Failure rates of up to 30% are reported after proximal humeral fractures despite angular-stable devices. This may devastate not only the functional outcome but also the independence of elderly patients.

To increase bone mineral density and thereby holding-strength augmentation is an option. Autologous bone-graft, as current gold-standard, though is questionable in osteoporosis since osteoprogenitors are dysfunctional and the harvesting-morbidity considerable. Adipose tissue seems an alternative cell-source even in presence of osteoporosis.

Stromal vascular fraction (SVF) cells isolated from lipoaspirates display osteogenic and vasculogenic potential and can be harvested in high numbers.

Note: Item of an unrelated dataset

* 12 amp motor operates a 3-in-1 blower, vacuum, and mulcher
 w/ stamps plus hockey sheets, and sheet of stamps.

Expansion associated with costly good-manufacturers-practice facilities is avoidable, so are repeated interventions. These cells have been successfully used to generate osteogenic composite grafts with intrinsic vascularity in preclinical models.

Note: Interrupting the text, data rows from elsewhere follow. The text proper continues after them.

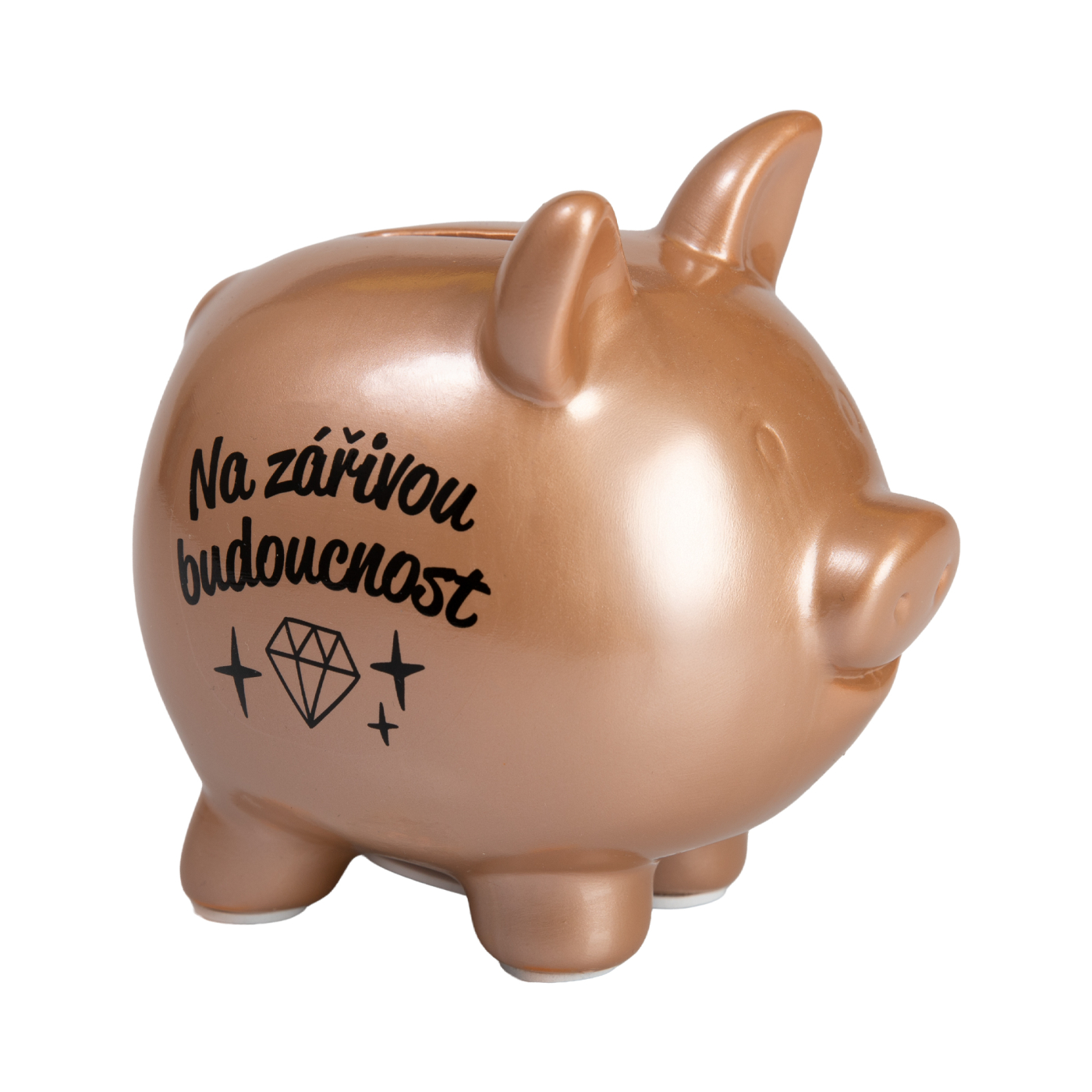 Spořte si s veselou pokladničkou ve tvaru prasátka. Výška prasátka: 13 cm Materiál: keramika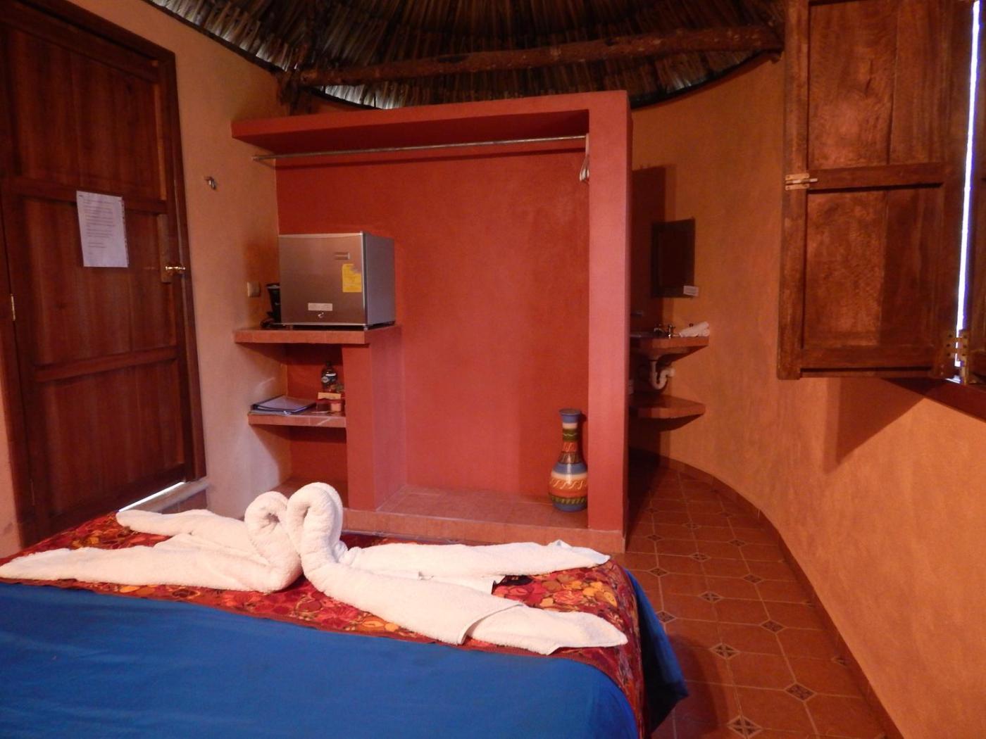 Standard King Room. Set in a typical Mayan-style thatched house, this room offers a balcony with views of the gardens and pool. It has a modern tiled bathroom with hot water. ;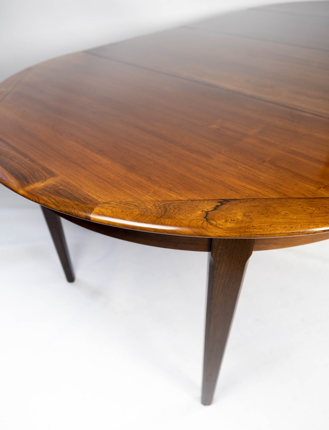 Dining table in rosewood with two extension plates, of danish design from the 1960s. The table is in great vintage condition.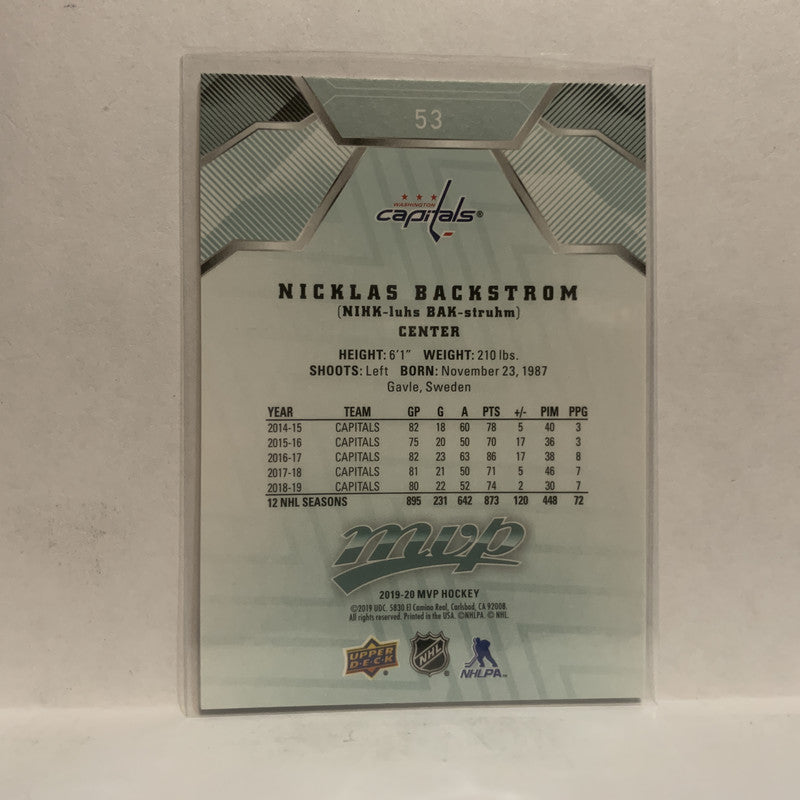 #53 Nicklas Backstrom Washington Capitals 2019-20 Upper Deck MVP Hockey Card KY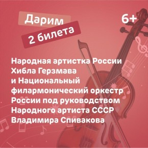 В таких случаях мы заново разыгрываем билеты — и сейчас мы вновь предлагаем вам попасть на концерт Народной артистки России Хиблы Герзмавы и Национального филармонического оркестра России под руководством Народного артиста СССР Владимира Спивакова...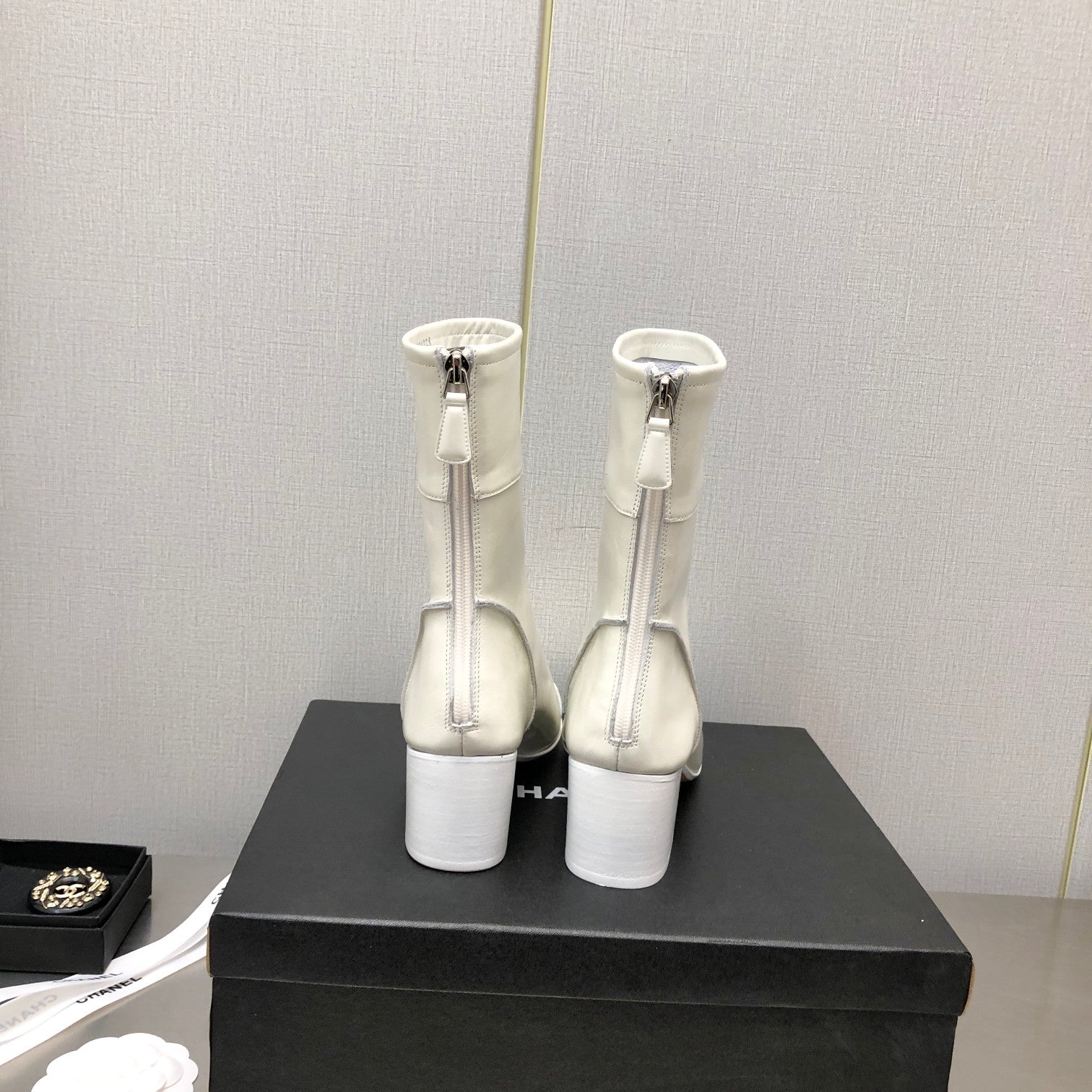 BLOCK HEEL ANKLE BOOTS IN WHITE CALFSKIN

For translation into clinical practice after a 20 patient external pilot a prospective randomized controlled trial with 270 patients is planned. For the trial lipoaspiration precedes open reduction and internal fixation in individuals over 60 years presenting with a proximal humeral fracture after low-energy trauma. Cells are isolated (Cellution®800/CRS) and wrapped around hydroxyapatite microgranules after embedding in a fibrin-gel for augmentation of the typical bone-void. Clinical/radiological follow-up is at 6 and 12 weeks for immediate complications and after 6, 9 and 12 months. Functional assessment is performed after 6 weeks, 6 and 12 months using the Quick-Dash- and Constant-Score.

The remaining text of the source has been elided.